[Start of section]

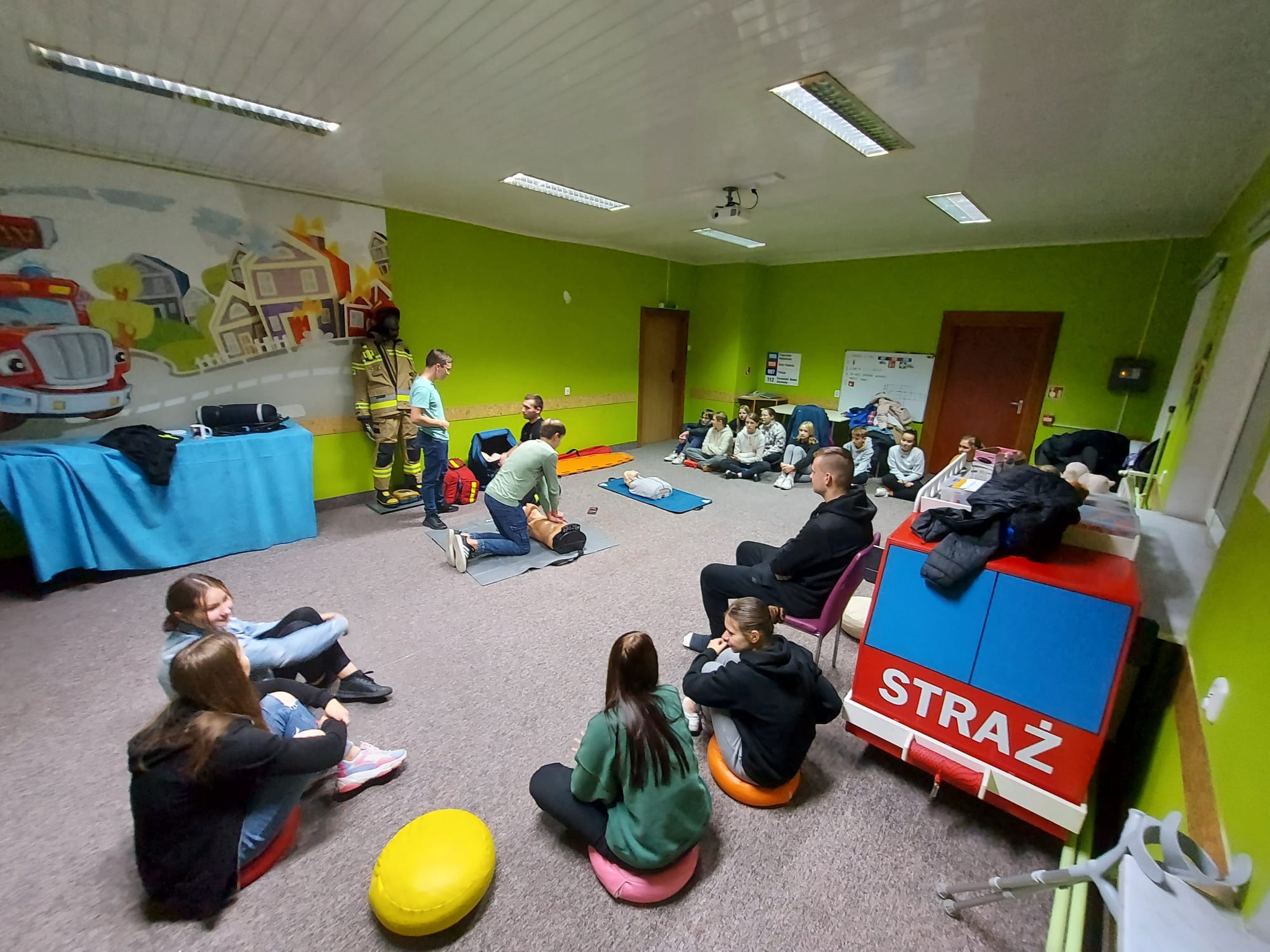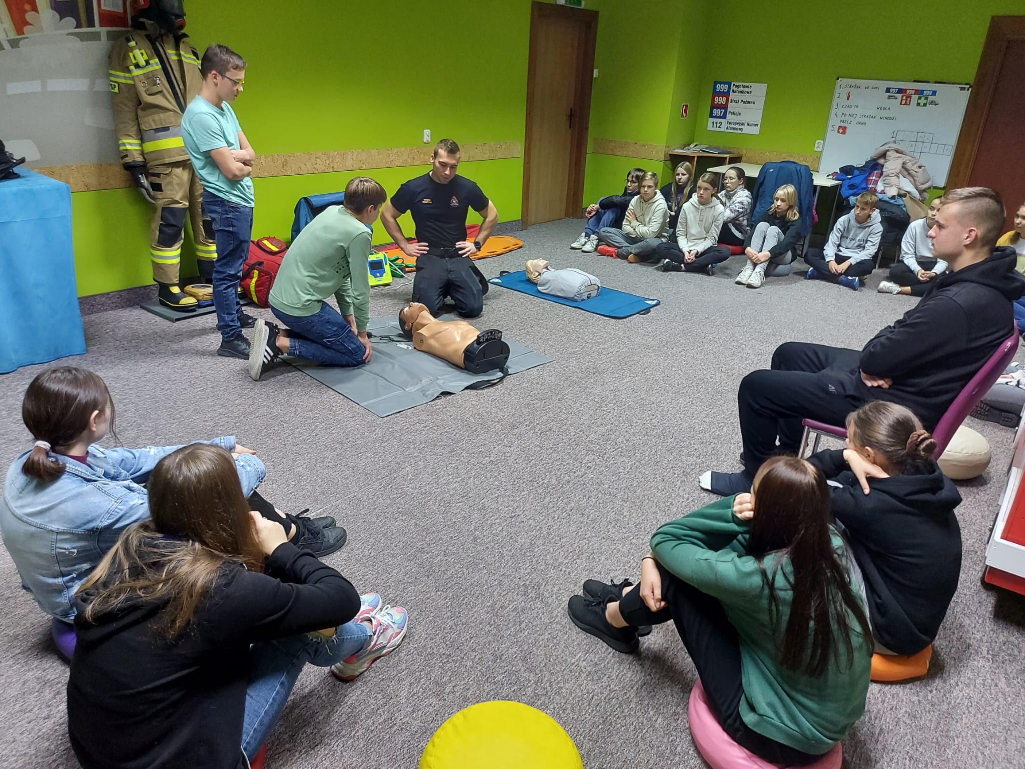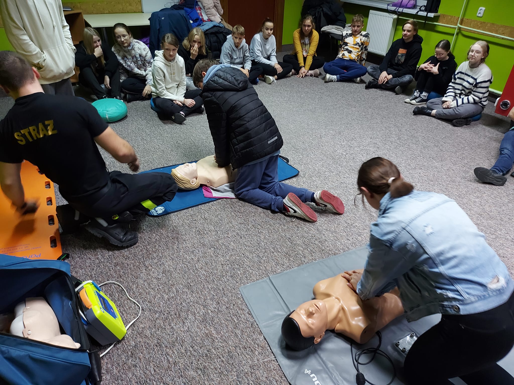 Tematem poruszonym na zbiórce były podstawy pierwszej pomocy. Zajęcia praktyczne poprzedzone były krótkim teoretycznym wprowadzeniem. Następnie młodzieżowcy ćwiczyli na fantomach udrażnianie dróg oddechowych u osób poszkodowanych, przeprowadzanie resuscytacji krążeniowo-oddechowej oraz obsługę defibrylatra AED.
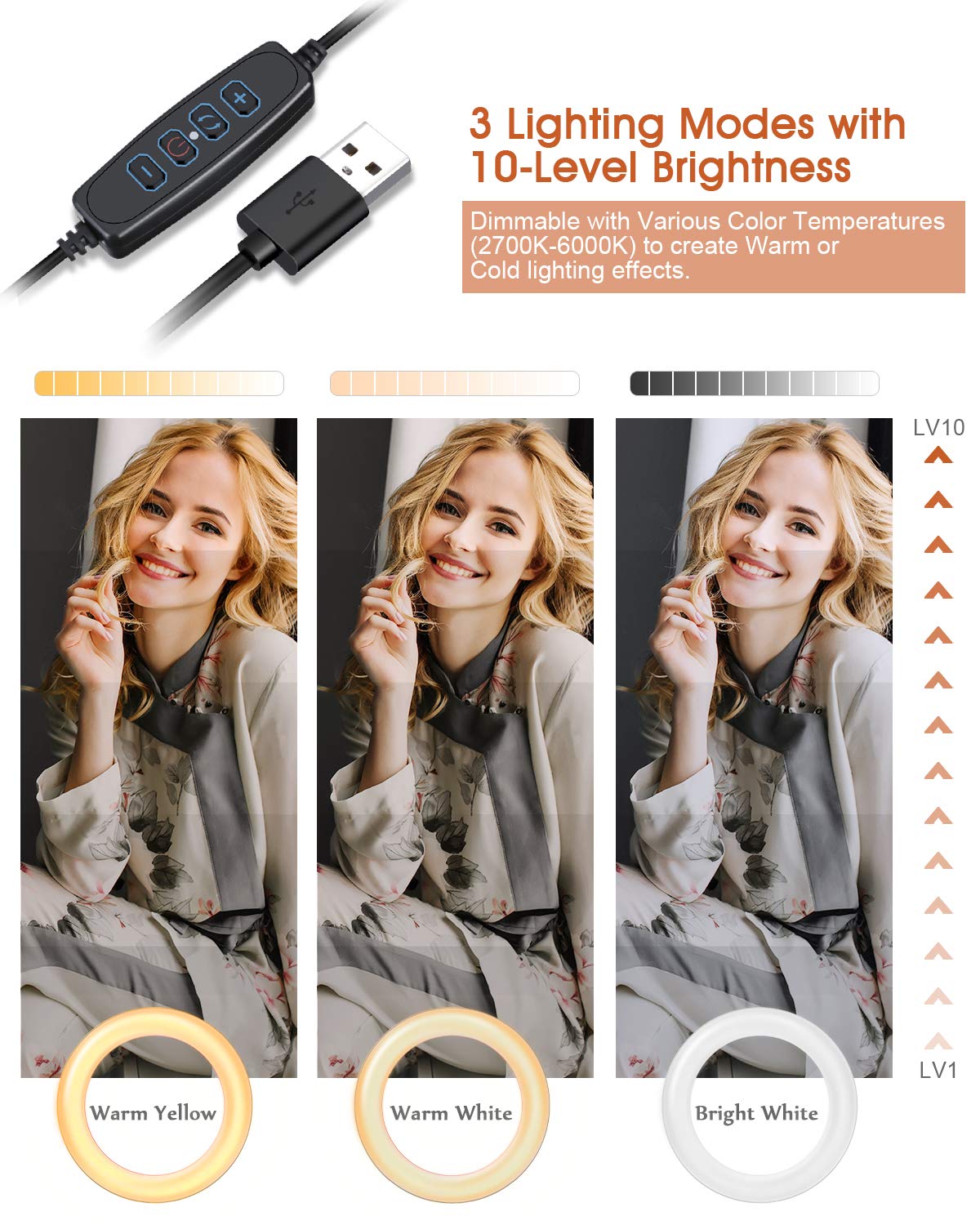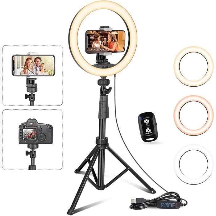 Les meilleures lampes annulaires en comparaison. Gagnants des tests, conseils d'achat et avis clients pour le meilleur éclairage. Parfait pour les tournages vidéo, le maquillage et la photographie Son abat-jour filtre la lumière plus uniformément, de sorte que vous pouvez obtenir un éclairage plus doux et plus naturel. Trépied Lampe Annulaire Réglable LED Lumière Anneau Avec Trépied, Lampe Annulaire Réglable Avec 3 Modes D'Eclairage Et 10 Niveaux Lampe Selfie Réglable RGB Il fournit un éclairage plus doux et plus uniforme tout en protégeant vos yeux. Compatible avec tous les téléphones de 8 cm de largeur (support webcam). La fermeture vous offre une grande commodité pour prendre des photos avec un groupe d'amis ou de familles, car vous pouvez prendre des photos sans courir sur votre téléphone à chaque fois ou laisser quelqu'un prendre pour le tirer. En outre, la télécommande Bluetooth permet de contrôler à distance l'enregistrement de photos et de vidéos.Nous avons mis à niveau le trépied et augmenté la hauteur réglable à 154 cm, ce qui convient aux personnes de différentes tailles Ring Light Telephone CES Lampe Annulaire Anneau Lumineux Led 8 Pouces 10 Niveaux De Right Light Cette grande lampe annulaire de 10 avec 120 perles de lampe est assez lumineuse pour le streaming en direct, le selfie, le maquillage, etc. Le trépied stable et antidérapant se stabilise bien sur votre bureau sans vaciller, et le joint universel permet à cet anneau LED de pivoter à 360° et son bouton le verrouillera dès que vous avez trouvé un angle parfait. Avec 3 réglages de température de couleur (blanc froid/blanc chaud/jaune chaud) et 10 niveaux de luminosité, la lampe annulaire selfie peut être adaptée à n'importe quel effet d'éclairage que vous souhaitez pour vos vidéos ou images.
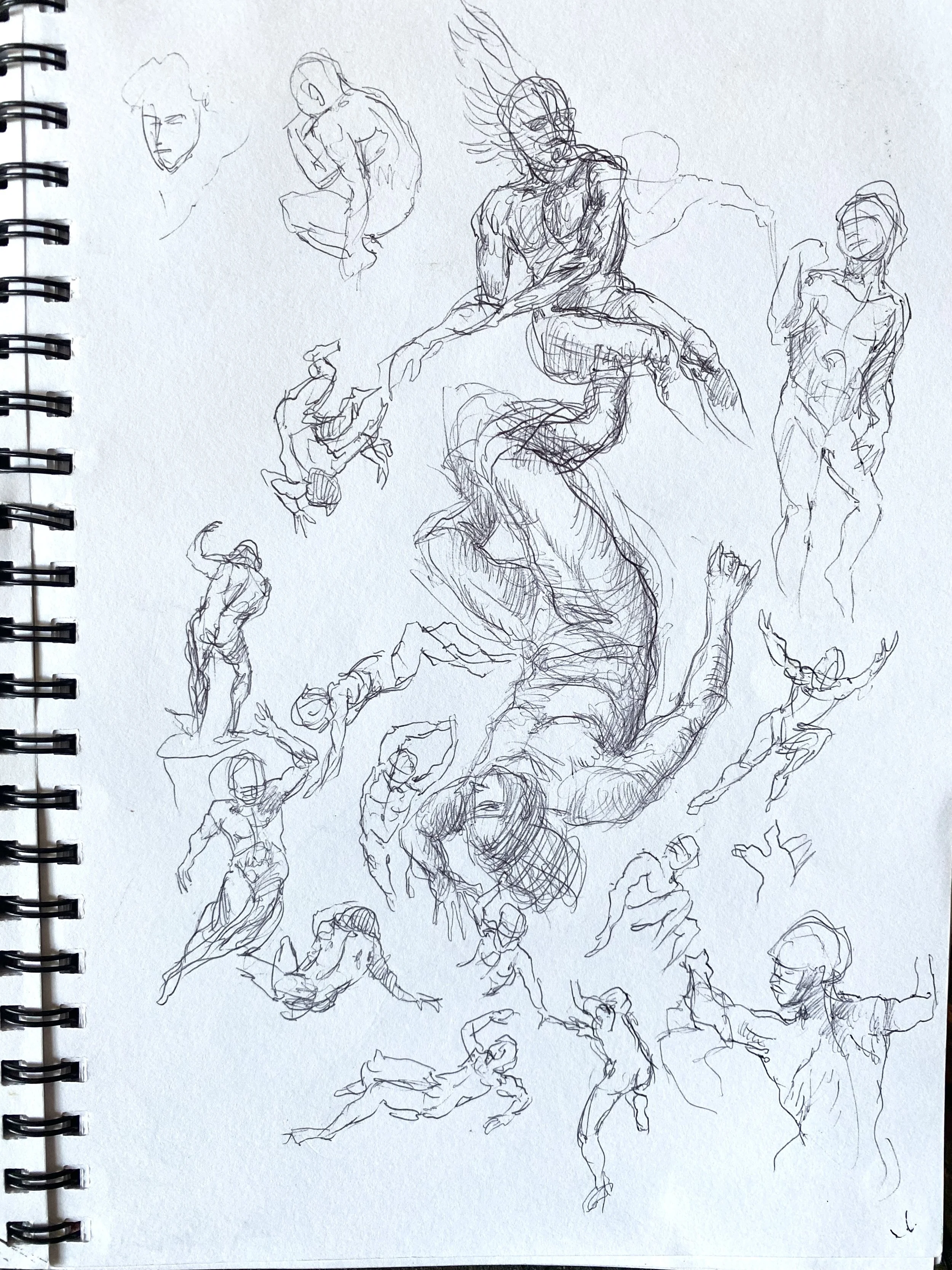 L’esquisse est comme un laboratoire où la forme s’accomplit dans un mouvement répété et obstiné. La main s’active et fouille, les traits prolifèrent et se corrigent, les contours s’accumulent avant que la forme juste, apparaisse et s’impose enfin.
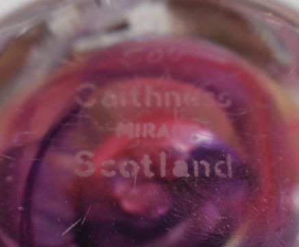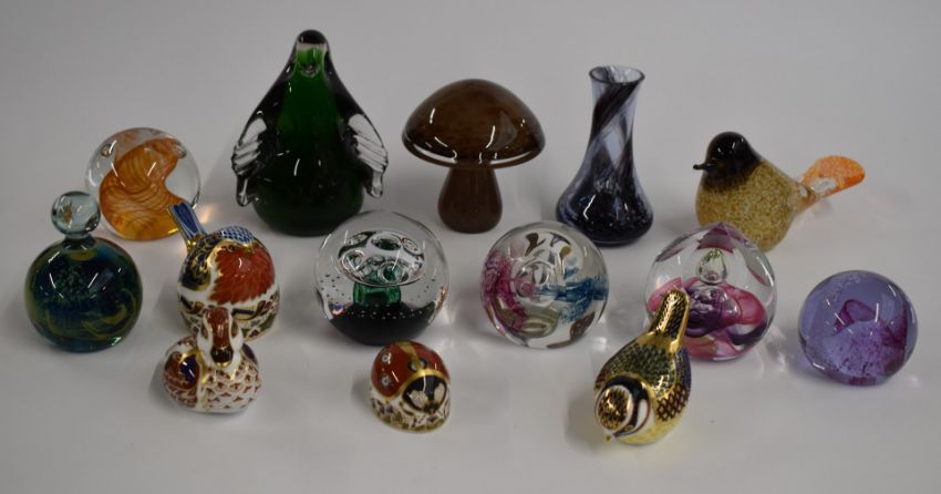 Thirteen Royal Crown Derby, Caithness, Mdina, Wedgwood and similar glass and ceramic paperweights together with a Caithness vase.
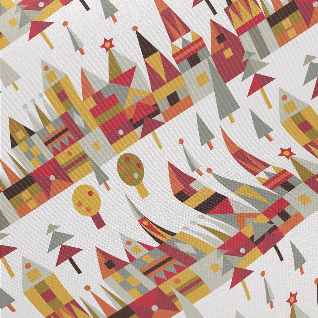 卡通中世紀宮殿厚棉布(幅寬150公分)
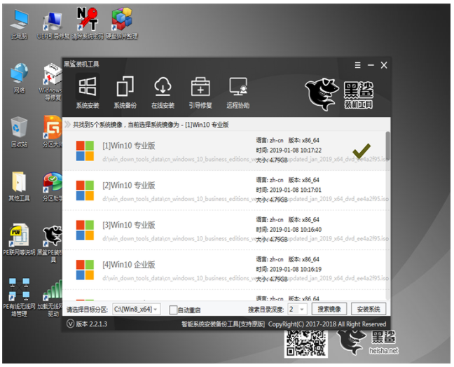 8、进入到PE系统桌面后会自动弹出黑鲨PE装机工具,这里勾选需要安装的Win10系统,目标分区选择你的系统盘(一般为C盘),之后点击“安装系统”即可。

[End of section]

Action item -
Set down the full listing above with its wording unchanged. Leave out its images.

Expected output -
 Tematem poruszonym na zbiórce były podstawy pierwszej pomocy. Zajęcia praktyczne poprzedzone były krótkim teoretycznym wprowadzeniem. Następnie młodzieżowcy ćwiczyli na fantomach udrażnianie dróg oddechowych u osób poszkodowanych, przeprowadzanie resuscytacji krążeniowo-oddechowej oraz obsługę defibrylatra AED.
 Les meilleures lampes annulaires en comparaison. Gagnants des tests, conseils d'achat et avis clients pour le meilleur éclairage. Parfait pour les tournages vidéo, le maquillage et la photographie Son abat-jour filtre la lumière plus uniformément, de sorte que vous pouvez obtenir un éclairage plus doux et plus naturel. Trépied Lampe Annulaire Réglable LED Lumière Anneau Avec Trépied, Lampe Annulaire Réglable Avec 3 Modes D'Eclairage Et 10 Niveaux Lampe Selfie Réglable RGB Il fournit un éclairage plus doux et plus uniforme tout en protégeant vos yeux. Compatible avec tous les téléphones de 8 cm de largeur (support webcam). La fermeture vous offre une grande commodité pour prendre des photos avec un groupe d'amis ou de familles, car vous pouvez prendre des photos sans courir sur votre téléphone à chaque fois ou laisser quelqu'un prendre pour le tirer. En outre, la télécommande Bluetooth permet de contrôler à distance l'enregistrement de photos et de vidéos.Nous avons mis à niveau le trépied et augmenté la hauteur réglable à 154 cm, ce qui convient aux personnes de différentes tailles Ring Light Telephone CES Lampe Annulaire Anneau Lumineux Led 8 Pouces 10 Niveaux De Right Light Cette grande lampe annulaire de 10 avec 120 perles de lampe est assez lumineuse pour le streaming en direct, le selfie, le maquillage, etc. Le trépied stable et antidérapant se stabilise bien sur votre bureau sans vaciller, et le joint universel permet à cet anneau LED de pivoter à 360° et son bouton le verrouillera dès que vous avez trouvé un angle parfait. Avec 3 réglages de température de couleur (blanc froid/blanc chaud/jaune chaud) et 10 niveaux de luminosité, la lampe annulaire selfie peut être adaptée à n'importe quel effet d'éclairage que vous souhaitez pour vos vidéos ou images.
 L’esquisse est comme un laboratoire où la forme s’accomplit dans un mouvement répété et obstiné. La main s’active et fouille, les traits prolifèrent et se corrigent, les contours s’accumulent avant que la forme juste, apparaisse et s’impose enfin.
 Thirteen Royal Crown Derby, Caithness, Mdina, Wedgwood and similar glass and ceramic paperweights together with a Caithness vase.
 卡通中世紀宮殿厚棉布(幅寬150公分)
 8、进入到PE系统桌面后会自动弹出黑鲨PE装机工具,这里勾选需要安装的Win10系统,目标分区选择你的系统盘(一般为C盘),之后点击“安装系统”即可。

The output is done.